BEGIN

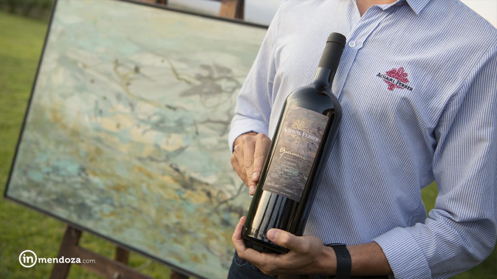 El nuevo vino lleva por nombre Quimera Zonda, en alusión a la pintura del artista mendocino Marcelo Von der Heyde, Zonda, obra que se eligió para estar en la etiqueta de las 3600 botellas del nuevo blend de Achaval. «El cuadro lo hice en 2015; empecé a esparcir pintura y a medida que la trabajaba aparecía un viento, un huracán… al terminar la obra me di cuenta que representaba al zonda, al fenómeno clásico de Mendoza. Y ahora es un honor que mi obra de arte esté en lo que Achaval Ferrer considere su obra de arte», comenta el artista.
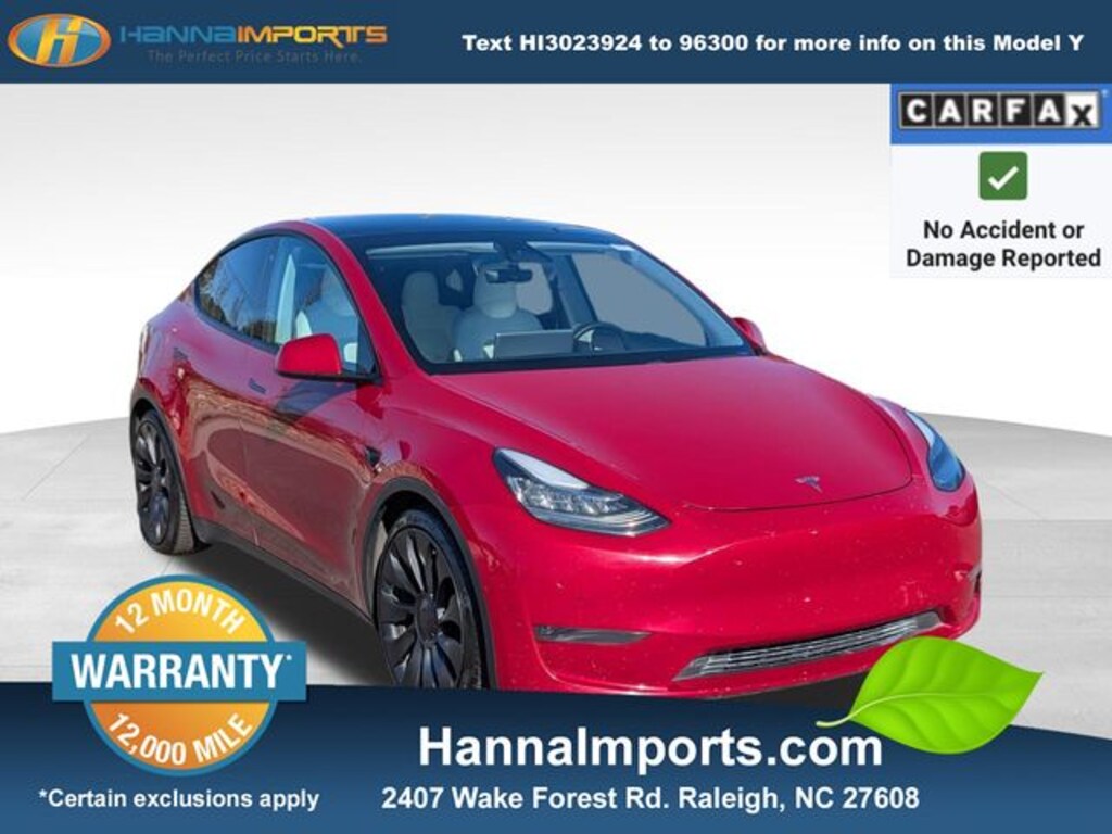 Why shop with Hanna Imports? We specialize in hand-selecting top-quality used cars, trucks, and SUVs for drivers across Raleigh, Durham, Cary, Chapel Hill, and the greater Triangle area of North Carolina. Our massive selection of 1,000+ vehicles on our Raleigh lot is carefully curated to include the most sought-after models, all priced below market value. We believe in transparency and efficiencyâ"our vehicles are aggressively priced from the start, which means no haggling, no hassle, and no wasted time. The price you see is our absolute best price. Whether you're coming from Wake Forest, Apex, Garner, or anywhere in central NC, weâre committed to making your car-buying experience smooth, affordable, and enjoyable. Come see why Hanna Imports is one of the most trusted used car dealerships in North Carolina! Used Tesla Model Y in Raleigh. Used Tesla Model Y in North Carolina, Model Y Performance, AWD, Exterior Parking Camera Rear, Navigation System, Power Liftgate, Remote keyless entry, 15 Speakers, 4-Wheel Disc Brakes, 5 Seat Interior, 9.0 Axle Ratio, ABS brakes, Air Conditioning, Alloy wheels, Auto High-beam Headlights, Auto tilt-away steering wheel, Auto-dimming door mirrors, Auto-dimming Rear-View mirror, Automatic temperature control, Brake assist, Bumpers: body-color, Compass, Delay-off headlights, Driver door bin, Driver vanity mirror, Dual front impact airbags, Dual front side impact airbags, Electronic Stability Control, Four wheel independent suspension, Front anti-roll bar, Front Bucket Seats, Front Center Armrest, Front dual zone A/C, Front fog lights, Front reading lights, Fully automatic headlights, Genuine wood dashboard insert, Heated door mirrors, Heated front seats, Heated rear seats, Illuminated entry, Knee airbag, Low tire pressure warning, Memory seat, Occupant sensing airbag, Outside temperature display, Overhead airbag, Passenger door bin, Passenger vanity mirror, Power door mirrors, Power driver seat, Power passenger seat, Power steering, Power windows, Premium Audio System, Premium Seat Trim, Radio data system, Rain sensing wipers, Rear reading lights, Rear seat center armrest, Rear window defroster, Security system, Speed control, Speed-sensing steering, Split folding rear seat, Spoiler, Steering wheel memory, Steering wheel mounted A/C controls, Steering wheel mounted audio controls, Telescoping steering wheel, Tilt steering wheel, Traction control, Trip computer, Variably intermittent wipers, and Wheels: 21" x 9.5" Fr & 21" x 10.5" Rr Uberturbine.
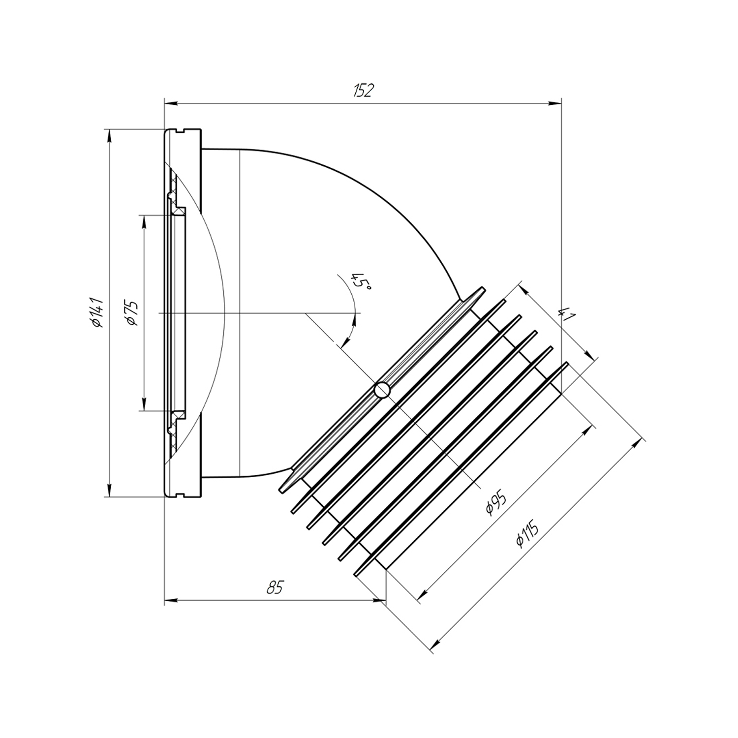 - Угол: 45°
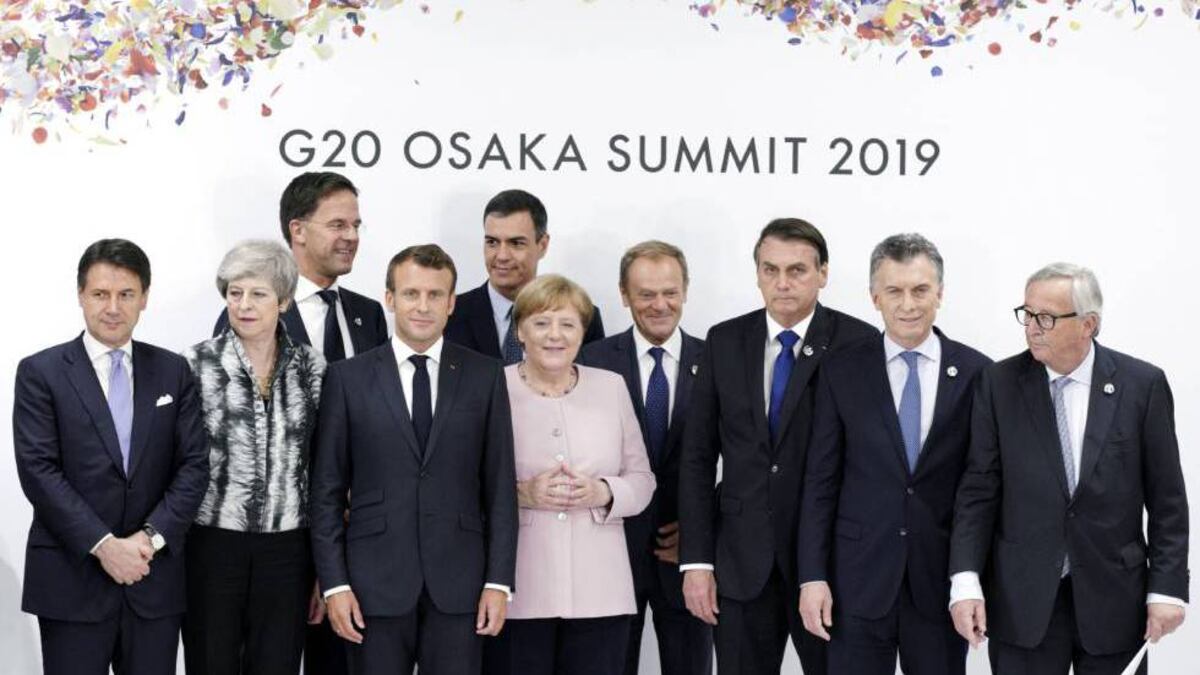 Los principales líderes de la Unión Europea y de Mercosur se apretujaban en una pequeña sala del G-20 en Osaka para salir en una foto importante, que marca un acuerdo que ha costado exactamente 20 años alcanzar. Jean Claude Juncker, el presidente de la Comisión, visiblemente agotado, trataba de trasladar entusiasmo en las palabras pese a su tono cansino. "Es un momento histórico", aseguraba mientras a su lado sonreía Emmanuel Macron, el presidente francés, uno de los que más se resistió, presionado por los agricultores galos.
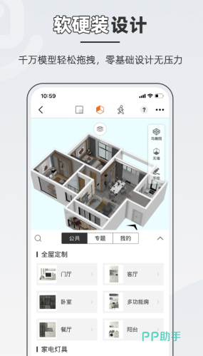 软件上手难度不高,导入户型图之后根据流程进行模拟的硬装和软装设计,多种视角自由切换,可以随时调整摄像头角度。将模型和样式拖拽到场景中就可以应用,值得我们尝试一下。
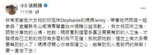 在官宣离婚以后,小S在社交平台上发布了女儿做公益的动态。
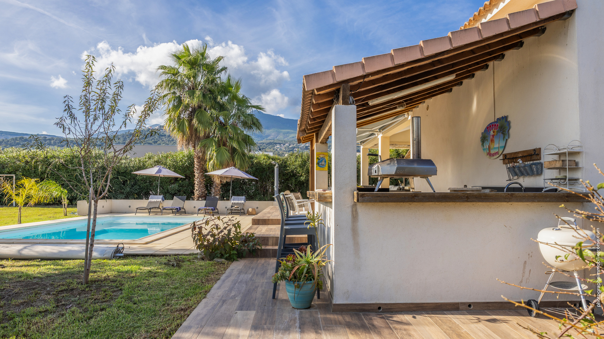 Exterieur : Sur un terrain paysager de 1 400 m2, profitez d'un environnement verdoyant et parfaitement entretenu.
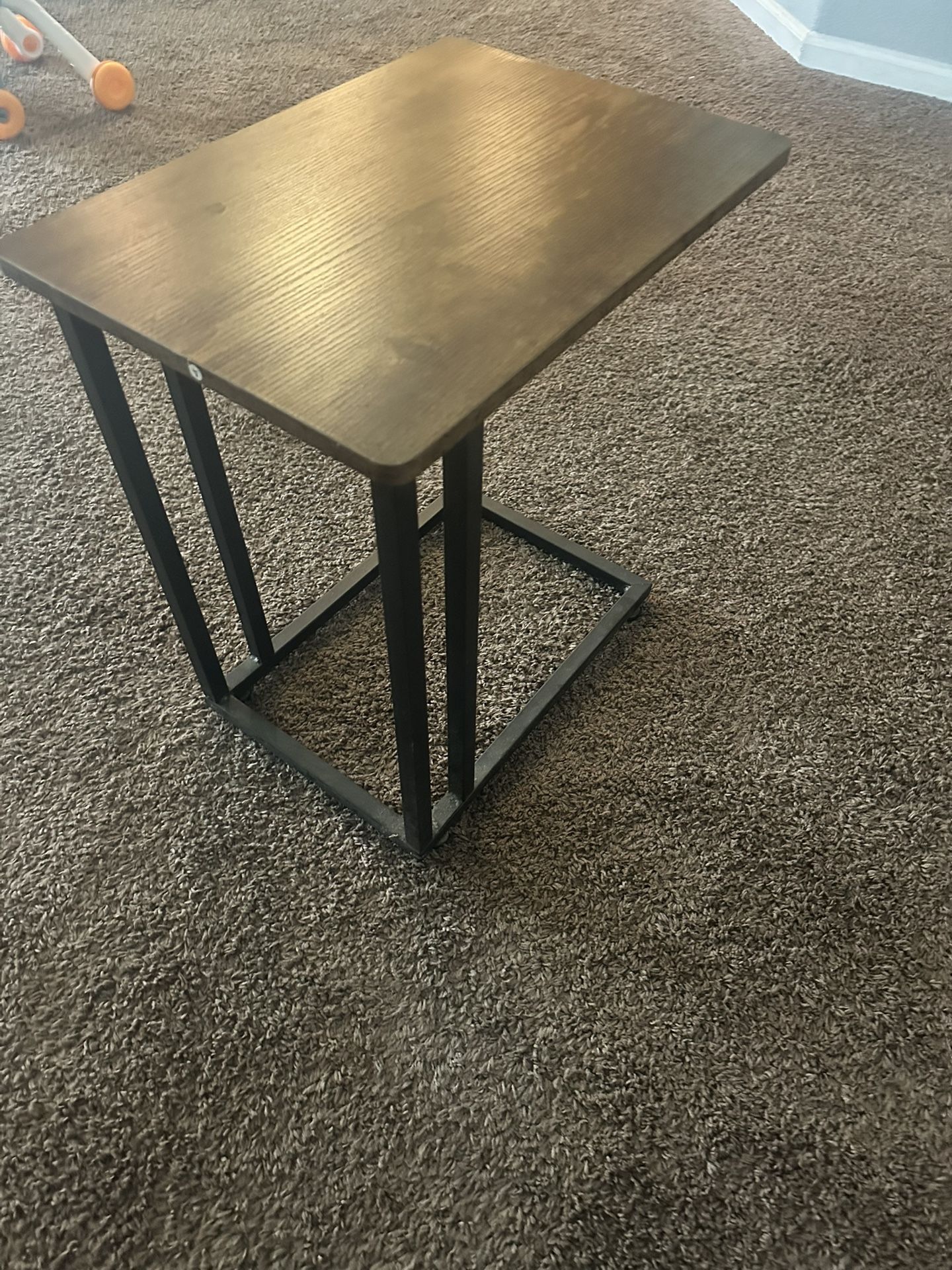 Sturdy modern side table with a wood-look top and black metal frame. Great as an end table, accent table, or small desk for a laptop. Minimalist/industrial style that fits well in living rooms, bedrooms, or offices. Good condition with normal light wear. Solid and stable.
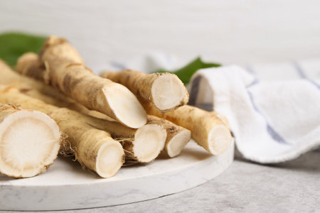 Fresh raw horseradish roots on light gray table, closeup

END

REQUIREMENT
Take the line that contains "在官宣离婚以后,小S在社交平台上发布了女儿做公益的动态。" as the first and the last line of the records as the end, and please quote those lines exactly, pictures omitted.

EXERCISE OUTPUT
 在官宣离婚以后,小S在社交平台上发布了女儿做公益的动态。
 Exterieur : Sur un terrain paysager de 1 400 m2, profitez d'un environnement verdoyant et parfaitement entretenu.
 Sturdy modern side table with a wood-look top and black metal frame. Great as an end table, accent table, or small desk for a laptop. Minimalist/industrial style that fits well in living rooms, bedrooms, or offices. Good condition with normal light wear. Solid and stable.
 Fresh raw horseradish roots on light gray table, closeup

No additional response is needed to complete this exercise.